Kabareditorial.com, Jogjakarta — Bank Indonesia (BI) Sulawesi Selatan mengingatkan potensi guncangan ekonomi akibat memanasnya konflik geopolitik global.
Deputi Kepala BI Sulsel, Wahyu Purnama, menekankan bahwa perang yang terjadi di Timur Tengah dan Eropa bukan hanya mengancam stabilitas keamanan global, tetapi juga berpotensi memperparah inflasi dan memperlambat pertumbuhan ekonomi nasional hingga daerah.
“Perang Ukraina-Rusia saja sudah membuat inflasi dunia naik tajam. Sekarang muncul lagi konflik Israel-Iran yang jika membesar dan melibatkan sekutu-sekutu mereka, bisa berdampak luar biasa terhadap harga minyak dan emas dunia,” kata Wahyu dalam Media Gathering di Jogjakarta, Selasa (24/6/).
Ia menyebut, jika situasi ini berkembang menjadi konflik bersenjata nuklir, dampaknya bisa mengancam seluruh negara, bukan hanya ekonomi.

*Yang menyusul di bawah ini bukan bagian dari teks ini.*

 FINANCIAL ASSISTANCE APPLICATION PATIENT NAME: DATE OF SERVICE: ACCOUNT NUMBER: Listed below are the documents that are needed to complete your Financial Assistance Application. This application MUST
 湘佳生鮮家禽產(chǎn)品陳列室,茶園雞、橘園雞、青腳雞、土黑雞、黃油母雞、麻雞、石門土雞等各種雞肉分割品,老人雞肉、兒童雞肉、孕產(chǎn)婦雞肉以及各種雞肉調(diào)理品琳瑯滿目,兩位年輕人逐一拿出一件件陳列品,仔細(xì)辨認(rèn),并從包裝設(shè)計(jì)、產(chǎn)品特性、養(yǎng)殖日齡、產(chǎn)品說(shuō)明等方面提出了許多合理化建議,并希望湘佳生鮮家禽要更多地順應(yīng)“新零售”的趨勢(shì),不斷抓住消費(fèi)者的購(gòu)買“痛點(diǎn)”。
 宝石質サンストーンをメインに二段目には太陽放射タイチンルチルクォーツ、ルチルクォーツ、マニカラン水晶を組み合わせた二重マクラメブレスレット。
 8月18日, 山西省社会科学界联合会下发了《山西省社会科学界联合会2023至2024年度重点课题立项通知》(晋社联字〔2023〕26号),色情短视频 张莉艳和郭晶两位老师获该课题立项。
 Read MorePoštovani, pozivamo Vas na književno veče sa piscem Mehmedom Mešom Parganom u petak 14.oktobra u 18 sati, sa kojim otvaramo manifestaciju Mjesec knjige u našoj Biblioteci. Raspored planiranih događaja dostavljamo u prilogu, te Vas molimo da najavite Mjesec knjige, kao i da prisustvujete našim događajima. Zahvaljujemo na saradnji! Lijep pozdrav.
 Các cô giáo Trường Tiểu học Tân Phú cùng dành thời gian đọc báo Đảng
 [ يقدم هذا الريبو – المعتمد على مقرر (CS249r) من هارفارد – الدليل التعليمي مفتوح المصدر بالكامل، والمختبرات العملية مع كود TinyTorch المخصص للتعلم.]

“Satu bom nuklir saja bisa meluluhlantakkan satu negara. Amerika memiliki sekitar 5.200 senjata nuklir, Rusia bahkan lebih dari 5.800. Kalau satu saja dijatuhkan, itu kiamat ekonomi,” tegasnya.

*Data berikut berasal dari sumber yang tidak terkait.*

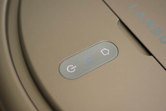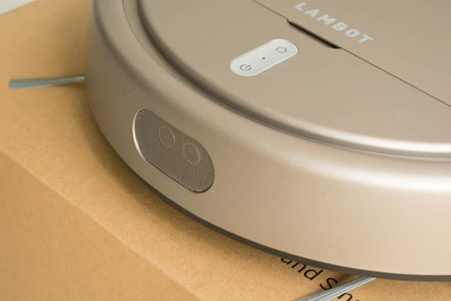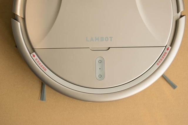 扫地机器人的前面是可浮动有弹性的防撞框,所以出厂有一根白色的橡胶条嵌在框架和主机之间,是防止运输中晃动的,使用的时候就拿走了。下面有一个灰色的按钮条,可以看到有2个触摸按钮和一个指示灯。从标记看,一个是电源,另外一个是回家会充电座充电的标记。中间的盖子写有LAMBOT的英文字样。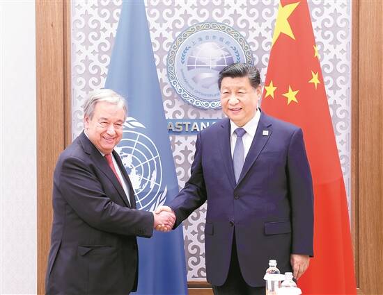 当地时间7月4日下午,国家主席习近平在阿斯塔纳出席上海合作组织峰会期间会见联合国秘书长古特雷斯 新华社发 |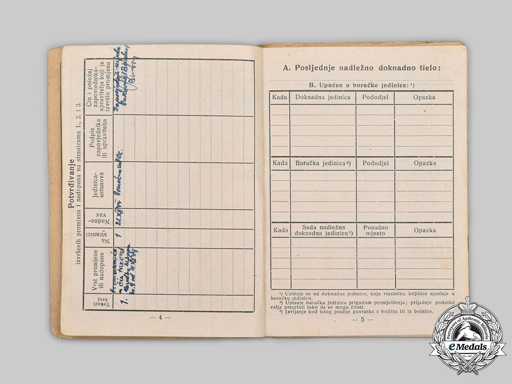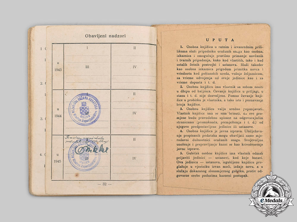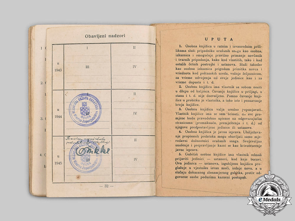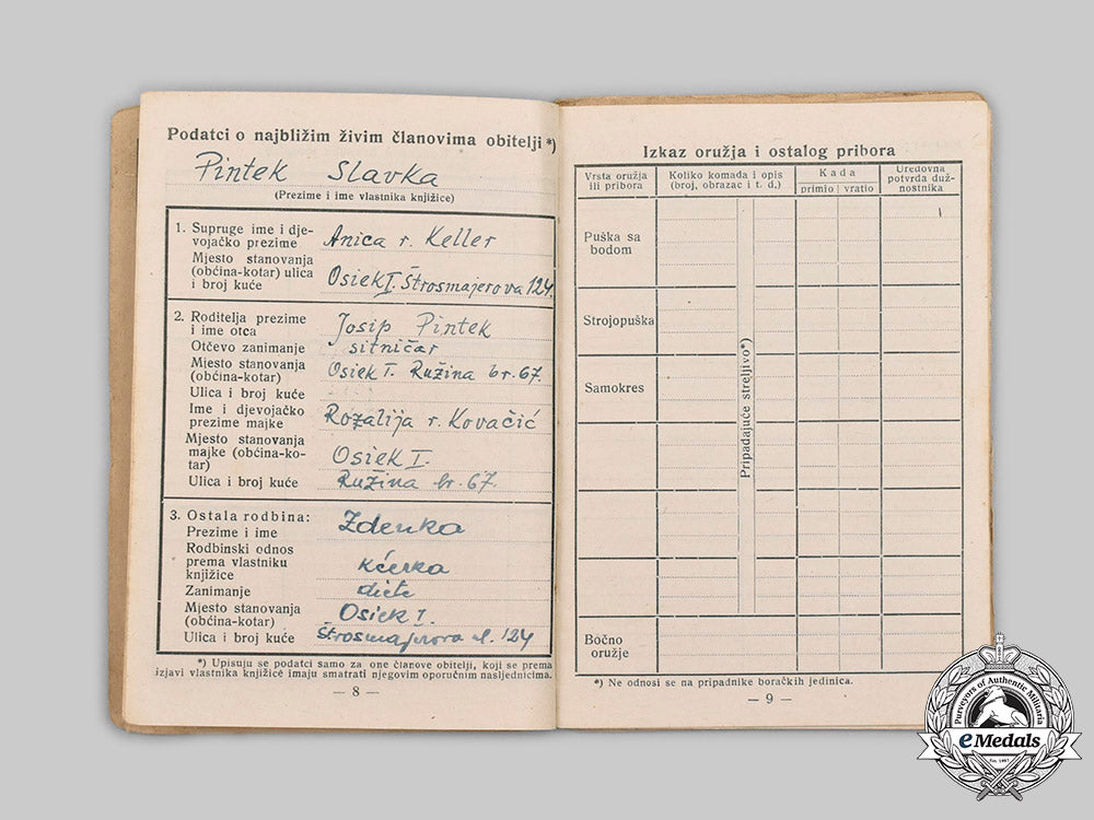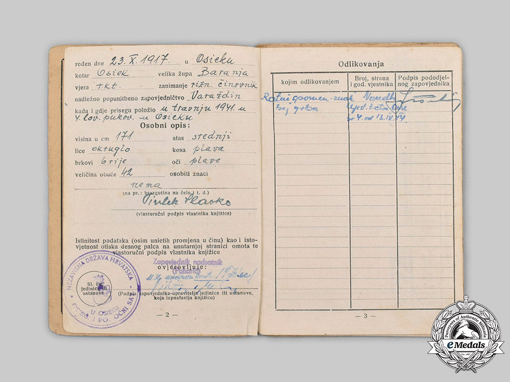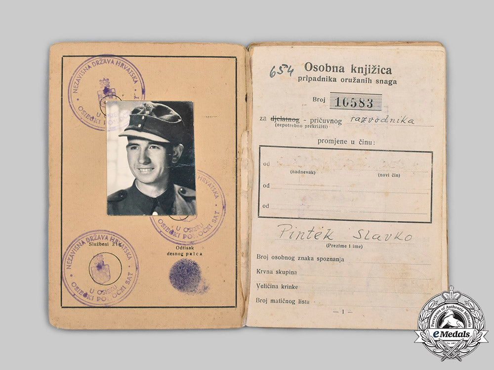 Croatia, Independent State. An Army Identity Booklet To Slavko Pintek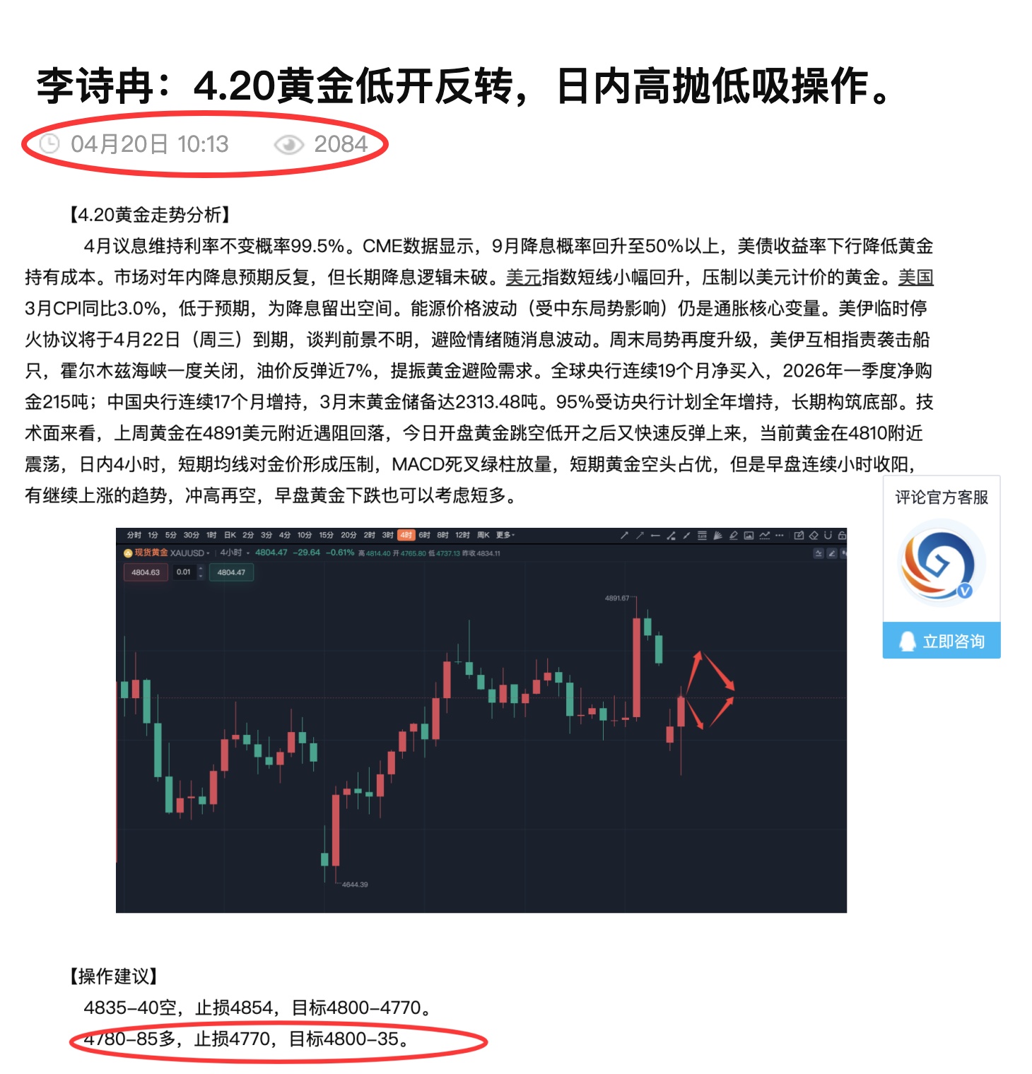 【4.21黄金走势分析】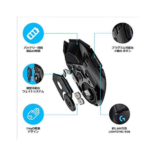 G502ならではのウエイト調整/サイドボタン/高速スクロール性能】調節可能な6 個ウェイト(4gx2、2gx4)をG502内部に様々な構成で配置し、マウスのウェイトとバランスをカスタマイズ可能。 プログラム可能な11個のボタンを装備。 軽量の超高速スクロールホイールは自由に回転して高速かつスムーズにスクロール、標準のノッチ型スクロールにも切り替え可能。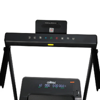A standout feature is the built-in remote control slot, ensuring your remote stays securely stored, so you never misplace it between sessions. The treadmill also offers a spacious 45x110 cm running area, providing plenty of room for comfortable movement. The dual-layer running board with silicone shock absorbers reduces impact on your joints, promoting a safer, more comfortable exercise experience.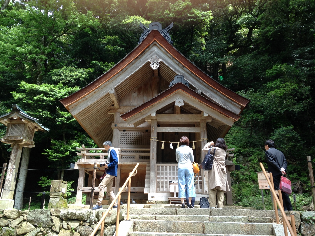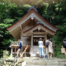 本殿の真後ろ、八雲山の麓に建っている社です。大国主大神の父神・スサノオノミコトが祀られています。社の後ろに置かれた大きな岩は、人気のパワースポットにもなっているようです。山の麓から子供である大国主大神を見守るように建っているのが印象的でした。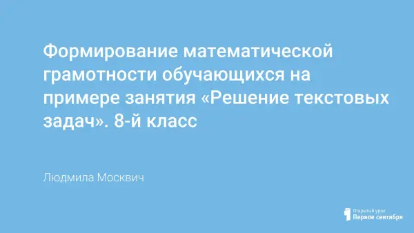 Сегодня на первое место в мире выходит потребность быстро реагировать на все изменения, происходящие в жизни, умение самостоятельно находить, анализировать, применять информацию. Главным становится функциональная грамотность, так как это «способность человека решать стандартные жизненные задачи в различных сферах жизни и деятельности на основе прикладных знаний». Одним из ее видов является математическая грамотность. Сегодня я предлагаю вам побывать в роли учеников на занятии по теме «Решение текстовых задач».

Menurut Wahyu, Indonesia sebagai bagian dari ekonomi global tidak bisa luput dari efek domino konflik global. Salah satu potensi dampaknya adalah meningkatnya harga energi dan barang kebutuhan pokok, yang berujung pada inflasi tinggi.
“Jika Selat Hormuz ditutup karena perang, harga minyak dunia akan melonjak. Itu akan berdampak langsung pada harga domestik dan mengganggu stabilitas ekonomi kita, termasuk Sulawesi Selatan,” katanya.

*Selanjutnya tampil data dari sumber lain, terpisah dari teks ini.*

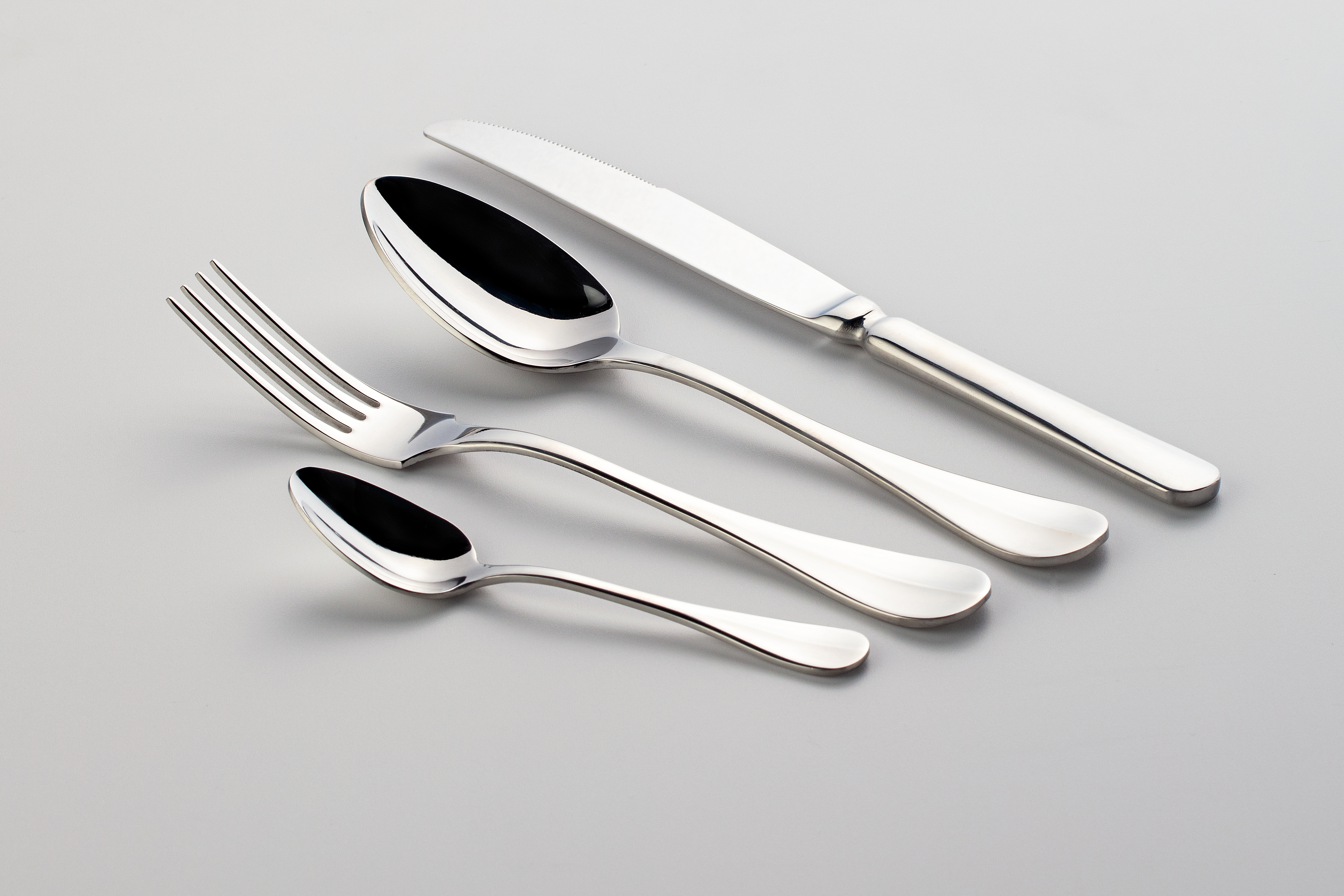 Cubertería de formas rectas y cantos redondeados, similar al Finity pero más robusto.
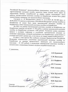 «Просим Правительство Российской Федерации рассмотреть возможность увеличения максимальной величины пособия по безработице до уровня прожиточного минимума для трудоспособного населения — 19 329 рублей, а также индексации минимальной величины в соответствии с изменением индекса потребительских цен», — говорится в обращении.

Ia menambahkan, meski inflasi di Sulsel saat ini masih terjaga di kisaran 2 persen hingga Mei 2025, namun gejolak global tetap menjadi ancaman serius.
Lebih lanjut, Wahyu mengungkapkan bahwa untuk mencapai target pertumbuhan ekonomi nasional 8 persen pada 2029, diperlukan upaya luar biasa di berbagai sektor, termasuk manufaktur, pertanian, pertambangan, perdagangan, dan konstruksi.
Sulsel sendiri mencatat pertumbuhan ekonomi sebesar 5,02 persen di 2024, namun angka ini masih jauh dari capaian era 2013-2014 yang pernah mencapai 8,3 persen.
“Menuju pertumbuhan 8 persen itu tidak bisa dengan cara biasa-biasa saja. Kita butuh transformasi ekonomi yang agresif, hilirisasi industri, dan penguatan sektor riil,” ujar Wahyu.